Some tools for lifting the patent data treasure

Filed under: Deduplication,Patents,Record Linkage,Text Mining — Patrick Durusau @ 11:57 am

Some tools for lifting the patent data treasure by by Michele Peruzzi and Georg Zachmann.

From the post:

…Our work can be summarized as follows:

  1. We provide an algorithm that allows researchers to find the duplicates inside Patstat in an efficient way
  2. We provide an algorithm to connect Patstat to other kinds of information (CITL, Amadeus)
  3. We publish the results of our work in the form of source code and data for Patstat Oct. 2011.

More technically, we used or developed probabilistic supervised machine-learning algorithms that minimize the need for manual checks on the data, while keeping performance at a reasonably high level.

The post has links for source code and data for these three papers:

A flexible, scaleable approach to the international patent “name game” by Mark Huberty, Amma Serwaah, and Georg Zachmann

In this paper, we address the problem of having duplicated patent applicants’ names in the data. We use an algorithm that efficiently de-duplicates the data, needs minimal manual input and works well even on consumer-grade computers. Comparisons between entries are not limited to their names, and thus this algorithm is an improvement over earlier ones that required extensive manual work or overly cautious clean-up of the names.

A scaleable approach to emissions-innovation record linkage by Mark Huberty, Amma Serwaah, and Georg Zachmann

PATSTAT has patent applications as its focus. This means it lacks important information on the applicants and/or the inventors. In order to have more information on the applicants, we link PATSTAT to the CITL database. This way the patenting behaviour can be linked to climate policy. Because of the structure of the data, we can adapt the deduplication algorithm to use it as a matching tool, retaining all of its advantages.

Remerge: regression-based record linkage with an application to PATSTAT by Michele Peruzzi, Georg Zachmann, Reinhilde Veugelers

We further extend the information content in PATSTAT by linking it to Amadeus, a large database of companies that includes financial information. Patent microdata is now linked to financial performance data of companies. This algorithm compares records using multiple variables, learning their relative weights by asking the user to find the correct links in a small subset of the data. Since it is not limited to comparisons among names, it is an improvement over earlier efforts and is not overly dependent on the name-cleaning procedure in use. It is also relatively easy to adapt the algorithm to other databases, since it uses the familiar concept of regression analysis.

Record linkage is a form of merging that originated in epidemiology in the late 1940’s. To “link” (read merge) records across different formats, records were transposed into a uniform format and “linking” characteristics chosen to gather matching records together.
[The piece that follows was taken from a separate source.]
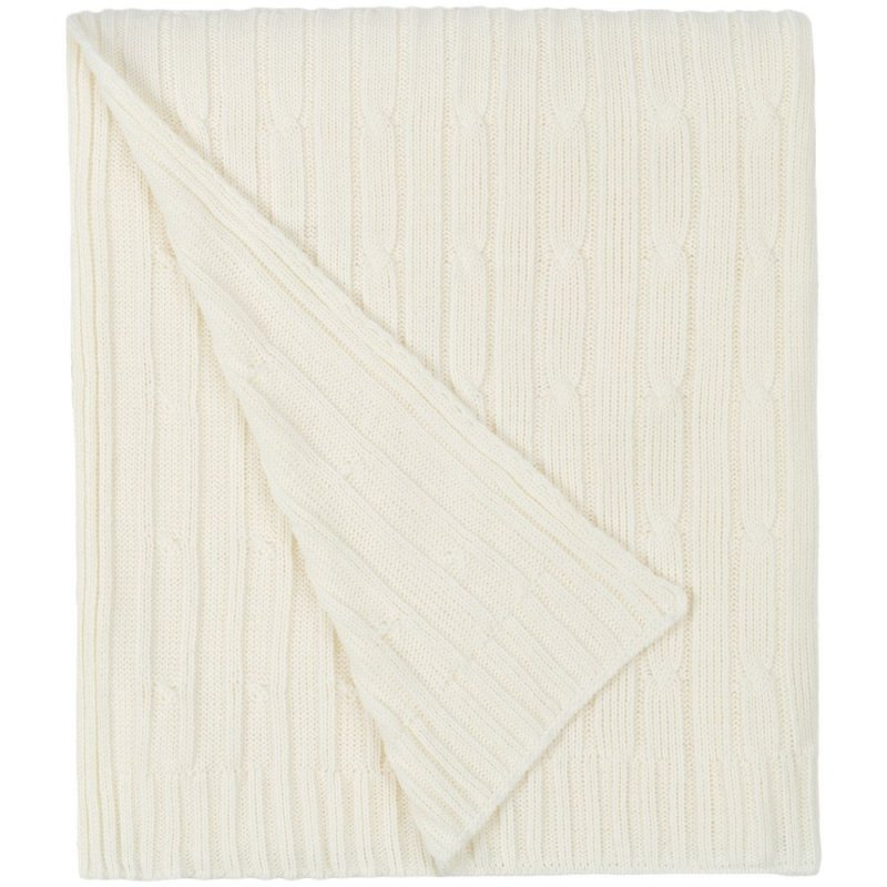 Модель: однотонный плед с фактурной вязкой, которая позволяет сделать его воздушным и объемным. Чередуя различные типы петель на гладком полотне, можно вывязать любую графику — логотип, текст, товарный знак.

A very powerful technique that has been in continuous use and development ever since.

One major different with topic maps is that record linkage has undisclosed subjects, that is the subjects that make up the common format and the association of the original data sets with that format. I assume in many cases the mapping is documented but it doesn’t appear as part of the final work product, thereby rendering the merging process opaque and inaccessible to future researchers. All you can say is “…this is the data set that emerged from the record linkage.”

Sufficient for some purposes but if you want to reduce the 80% of your time that is spent munging data that has been munged before, it is better to have the mapping documented and to use disclosed subjects with identifying properties.

Having said all of that, these are tools you can use now on patents and/or extend them to other data sets. The disambiguation problems addressed for patents are the common ones you have encountered with other names for entities.

If a topic map underlies your analysis, the less time you will spend on the next analysis of the same information. Think of it as reducing your intellectual overhead in subsequent data sets.

Income – Less overhead = Greater revenue for you. 😉

PS: Don’t be confused, you are looking for EPO Worldwide Patent Statistical Database (PATSTAT). Naturally there is a US organization, http://www.patstats.org/ that is just patent litigation statistics.

PPS: Sam Hunting, the source of so many interesting resources, pointed me to this post.